Inflation is defined as:
A general increase in prices and fall in the purchasing value of money.
Basically, it takes more money to purchase the same item in the future than it does today. As I read, the cause of inflation can be attributed to various factors. Bunches of smart people have yet to agree fully. The term is bandied about here and there, but I rarely lose sleep over it. Lifestyle inflation is more personal. This impacts us in a very tangible way, yet can be just as gradual.
My introduction to this phrase came during an interview with Joe Mahalic, the student loan, debt dumping, wiz kid who paid off $90,000 in student loan debt in just 7 months.

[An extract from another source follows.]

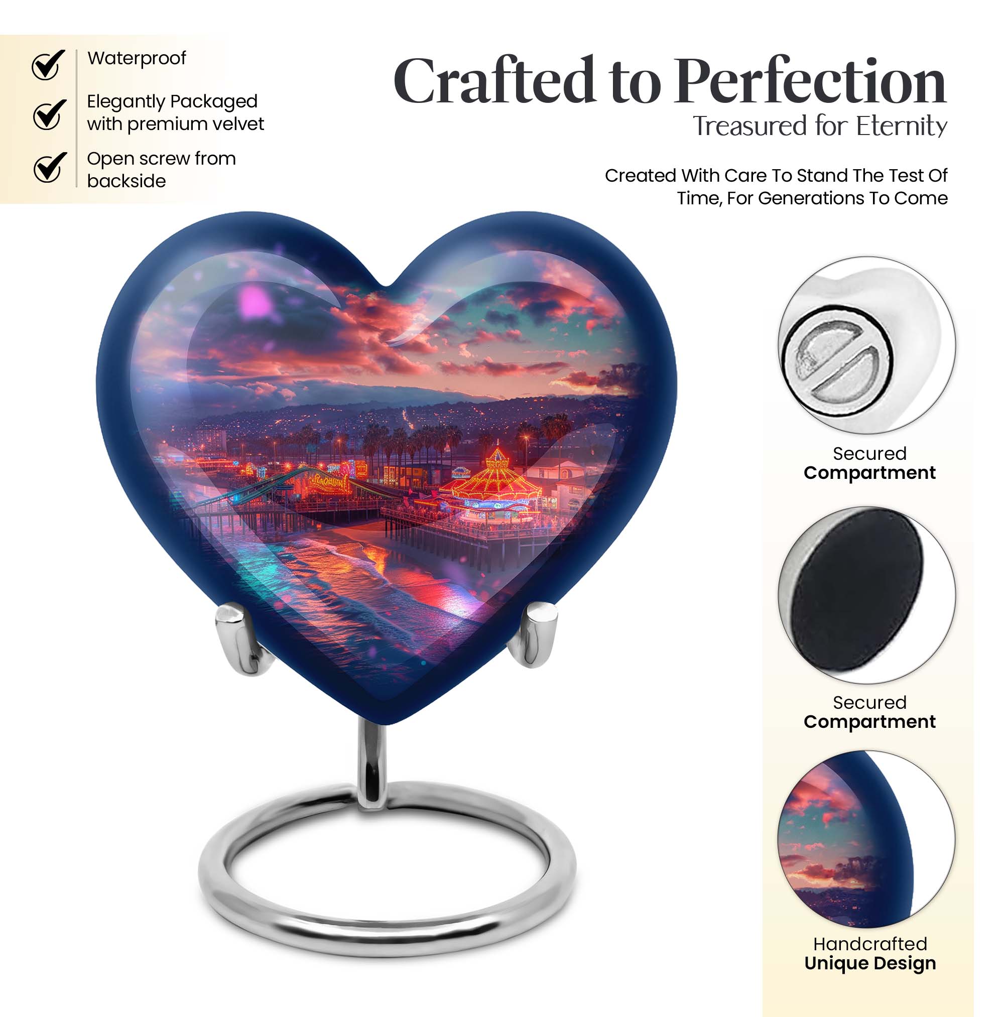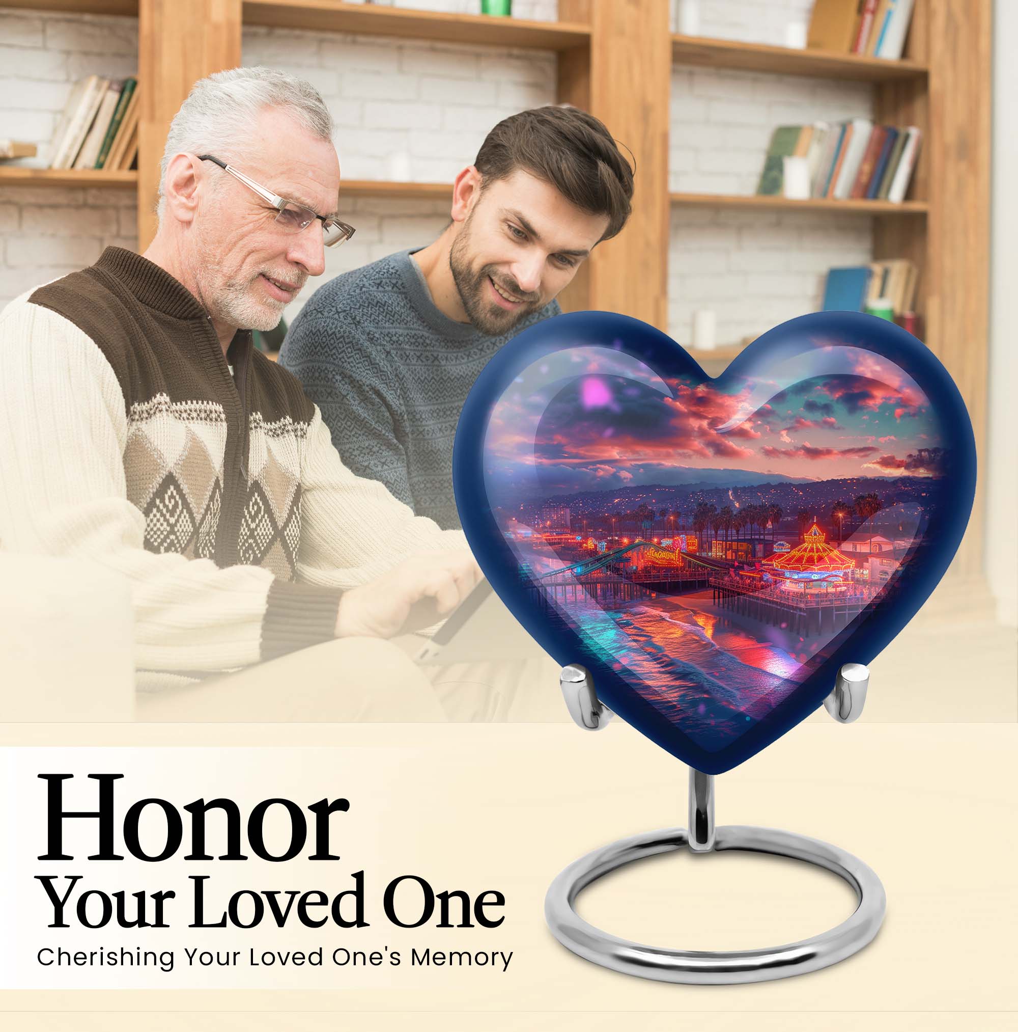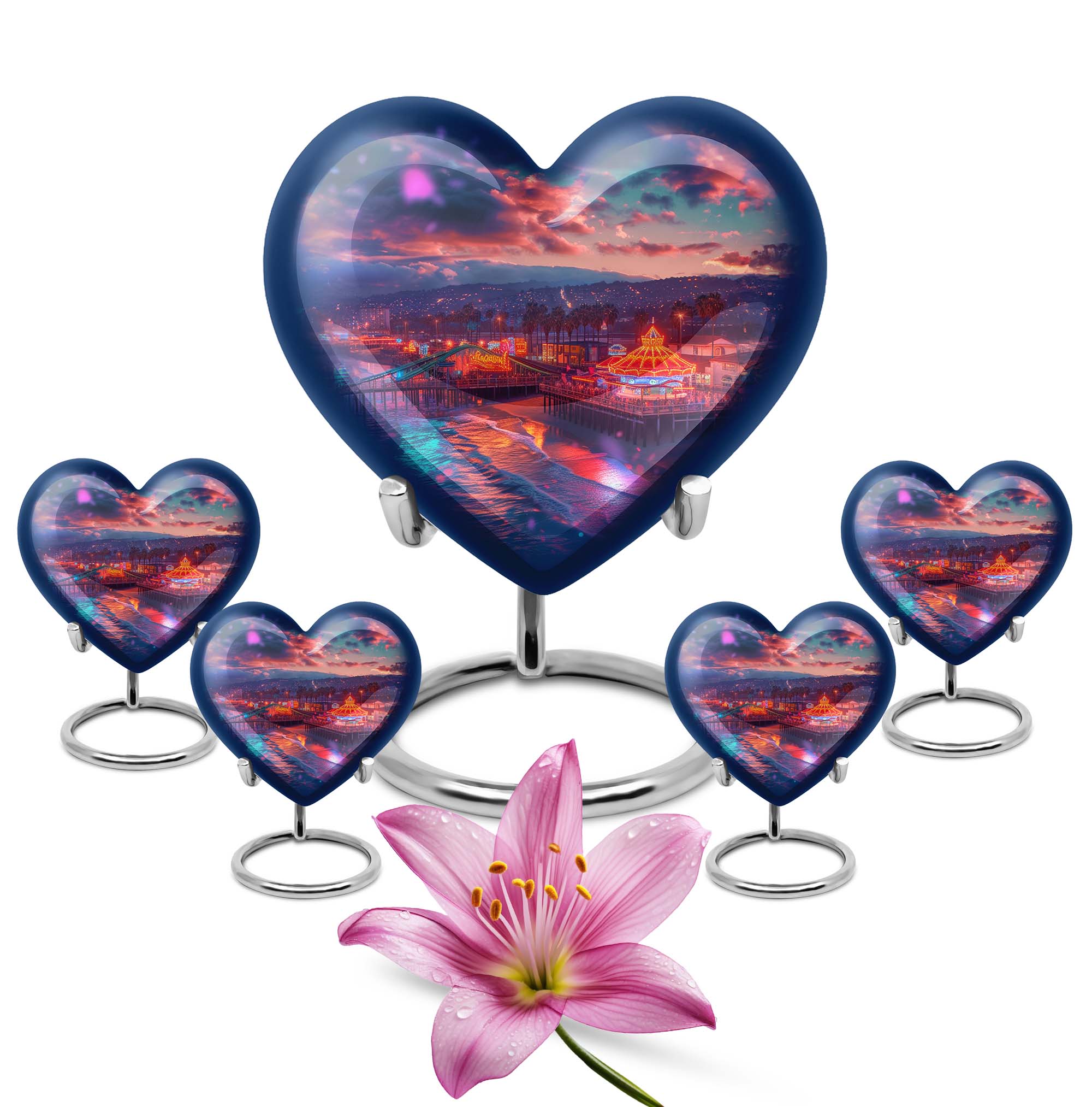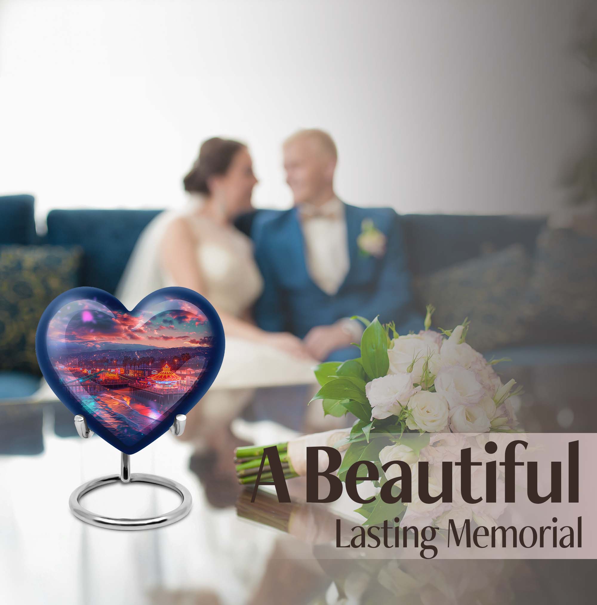 Experience an intimate sense of calm and renewed solace with our exquisite 10-inch Beach Urn, a cherished selection in our range of funeral decorative urns. Traditionally crafted from high-grade Aluminium, this large urn is impressive in its weight - 3.3 pounds, and dimensions - 10 inches in height. It boasts a heartfelt capacity of 200 cubic inches, perfectly encapsulating the spirit of your departed love. Personalize this cremation urn with engraved names, a compassionate nod to the uniqueness of each soul. Its theme celebrates the eternal cycle of life through a gentle array of flowers, beautifully arranged on the exterior of the Heart Urn. As part of the package, we offer a velvet pouch for containment of ashes, a protective and dignified home for those cherished remains. Our Memorial urns for human ashes adult female, urn human adult male and urns for cremation ashes mother, have all been designed with profound respect and delicacy, allowing you to honor your loved one with the dignity they deserve.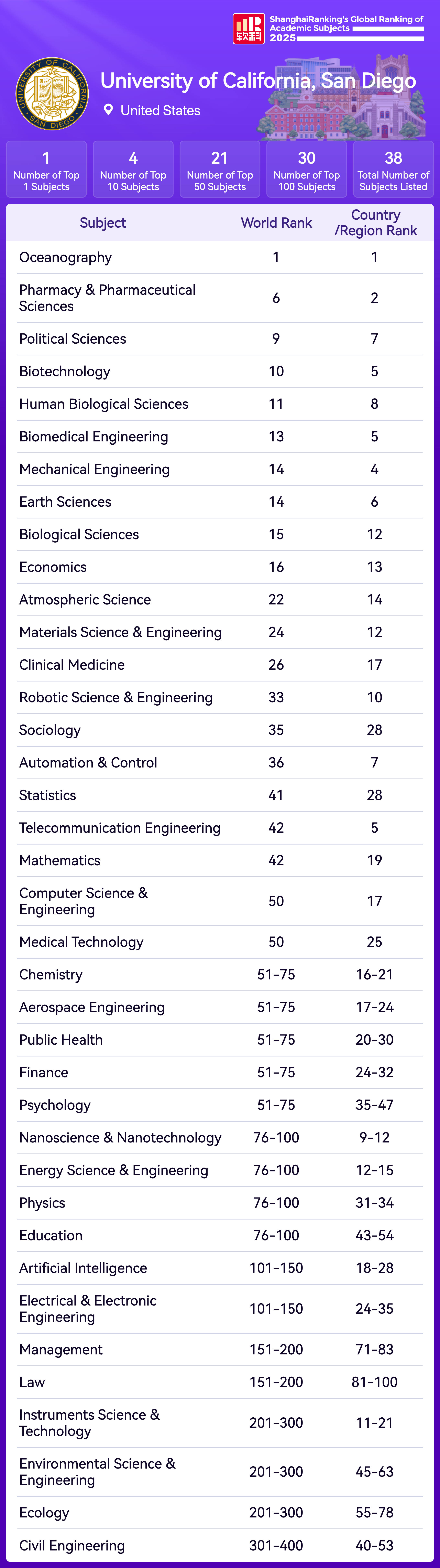 UC San Diego is an academic powerhouse and economic engine, recognized as one of the top 10 public U.S. universities and ranked number one in the nation for public service by the Washington Monthly. Our location is unparalleled, our impact unmistakable. UC San Diego shapes minds, changes lives, launches industries and builds the future...one student, one discovery and one achievement at a time UC San Diego is dedicated to the advancement of knowledge through excellence in education and research at the undergraduate, graduate, professional school and postdoctoral levels. The campus is committed to community engagement, public service and industry partnerships in order to advance the health and well-being of our region, state, nation and the world. Our academic community of world-renowned faculty, bright students and dedicated staff is characterized by a culture of interdisciplinary collaboration and innovation which spans the globe. To foster the best possible working and learning environment, our university strives to maintain a climate of fairness, cooperation, and professionalism, which is embodied in our campus Principles of Community. UC San Diego embraces diversity, equity, and inclusion as essential ingredients of academic excellence in higher education. UC San Diego’s rich academic portfolio includes six undergraduate colleges and five academic divisions. Five graduate and professional schools include the Scripps Institution of Oceanography, the School of Medicine, The Rady School of Management, the Skaggs School of Pharmacy and Pharmaceutical Sciences, and the School of Global Policy Studies. The university’s award-winning scholars are experts at the forefront of their fields with an impressive track record for achieving scientific, medical and technological breakthroughs, and include Nobel laureates, Fields medalists, Puliter and Kyoto Prize winners, Tony and Academy Award winners, and MacArthur Fellows.

Listen to the entire interview here.
Lifestyle inflation is the general increase in debt and expenses and the fall in disposable income over time. Contributing factors include:
- Salary increase
- Expanding family
- Peer pressure
- Societal norms
- Money management challenges
- Feelings of entitlement
- Consumer debt
- Inability to delay gratification
Not all factors contributing to lifestyle inflation are untoward (read: bad). Salary increases, a growing family, and even some societal norms can be very healthy. At issue, the notion that life’s expenses should increase regardless of one’s ability to afford the transition. Lifestyle inflation can be a conscious decision, i.e. new baby = bigger/more expensive house. It can also launch a surprise assault on your finances through poor money management skills or mindless spending. This phenomenon can keep you enslaved to creditors and away from enjoying the peace of mind that debt freedom offers.
What factors have contributed to lifestyle inflation in your case?